При лунном свете он теперь четко видел вещи в избе - стол, лавку, скамейки, цветными стеклышками поблескивала икона в левом углу. Он подтянул выше рубаху Юстыны, обнажая груди с большими горками сосков. Лица он не видел до него не доставал блеск луны. Не слышал он и дыхания молодой женщины. Губами он дотронулся до взгорка правой груди, минуту сосал его, но Юстына ни малейшим движением не реагировала на его ласку. Тогда он неожиданно вспомнил желтоватое лицо Дымитра, в нем родилось чувство страха и даже отвращения - к ней, к женщине, лежащей под ним со все еще раздвинутыми ногами - и к себе, который был на ней в одежде, будто бы пришел сюда только ради самого любовного акта, поспешного и стыдного. Он уже не ощущал никаких связей с этим нагим телом, которое было под ним, перестал понимать, отчего так сильно он до сих пор тосковал по этой минуте.

Он встал с постели и почувствовал легкое головокружение. Сел на скамейку, глядя на кровать с белеющим в сумраке силуэтом нагой женщины. Она не дрогнула, когда он с нее сошел, не умоляла шепотом, чтобы он с ней остался. Он сделал два шага к двери и остановился, ожидая ее голоса или хотя бы движения нагого тела. Но она все оставалась неподвижной, с раскиданными ногами, с головой, отсеченной мраком. Он повернул ключ в замке и вышел во двор, в зеленоватый блеск месяца. Быстро шел он вдоль берега, радуясь, что с каждой секундой отдаляется от места, которое показалось ему таким страшным, будто бы он совершил преступление и оставил за собой мертвую жертву. Но когда он миновал садик Макуховой и нечаянно прикоснулся пальцами к носу, его охватил запах тела Юстыны - аромат овечьей шерсти, шалфея, мяты м полыни. Внезапно вернулось желание, он захотел пойти обратно в сумрачную избу, положить руку на живот Юстыны, губами схватить бугорок ее груди, освежить вкус, который все еще был на его губах. При одном воспоминании только что пережитого наслаждения у него снова закружилась голова, он качнулся к ивовому забору. Вдруг громко разгавкался пес у Видлонгов, и этот звук вернул ему трезвость и рассудительность. Он перескочил через свой забор и вошел на террасу. В спальне он быстро разделся, а когда наконец лег в прохладную постель, подложил себе под щеку пальцы, которые запомнили аромат тела Юстыны. Прошло ощущение сильной боли и напряжения, которое было у него уже много дней и много ночей. Он знал, однако, что на следующую ночь он пойдет туда снова.

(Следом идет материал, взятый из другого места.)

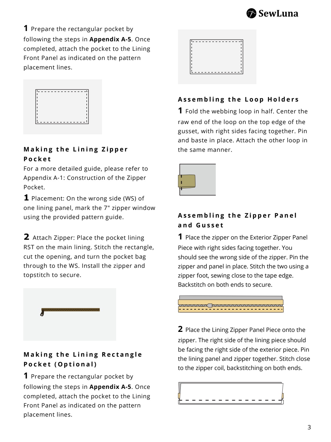 • Step-by-step sewing instructions with clear diagrams.
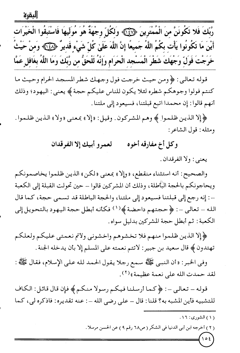 وَالصَّحِيح: أَنه اسْتثِْنَاء مُنْقَطع، " وَإِلَّا " بِمَعْنى " لَكِن " الَّذين ظلمُوا يخاصمونكم ويحاجونكم بِالْحجَّةِ الْبَاطِلَة، وَذَلِكَ أَن الْمُشْركين قَالُوا حِين تحولت الْقبْلَة إِلَى الْكَعْبَة: إِنَّه رَجَعَ إِلَى قبلتنا فسيعود إِلَى ملتنا، وَالْحجّة الْبَاطِلَة قد تسمى حجَّة، كَمَا قَالَ الله تَعَالَى: {حجتهم داحضة} فَكَأَنَّهُ أبطل حجَّة الْيَهُود بالتحويل إِلَى الْكَعْبَة: ثمَّ أبطل حجَّة الْمُشْركين بِدَلِيل سواهُ.

...В сумрачной избе на кровати недвижимо лежала обнаженная женщина с открытыми глазами, которые смотрели перед собой, ничего не видя. Она была мертва - так она это ощущала, потому что все ее тело парализовало безволие. Минуту или час назад ее убил мужчина, призванный ее желанием и чарами Клобука. Он прикасался к ней пальцами, он вошел в ее тело смертельным ударом. Отчего люди так сильно боятся смерти, если она - это наслаждение? Мертвая пробудится к жизни с зерном, которое, может быть, уже начинает в ней проклевываться, а потом наполнит весь живот. Не будет ее больше покрывать огромный петух, слетающий с балки в хлеву, не вытечет из ее губ, похожих на розовый гребень, белый сок мужского вожделения. Дымитр должен был умереть, чтобы это произошло, он тоже, наверное, пережил наслаждение смерти и где-то на белом свете родился заново.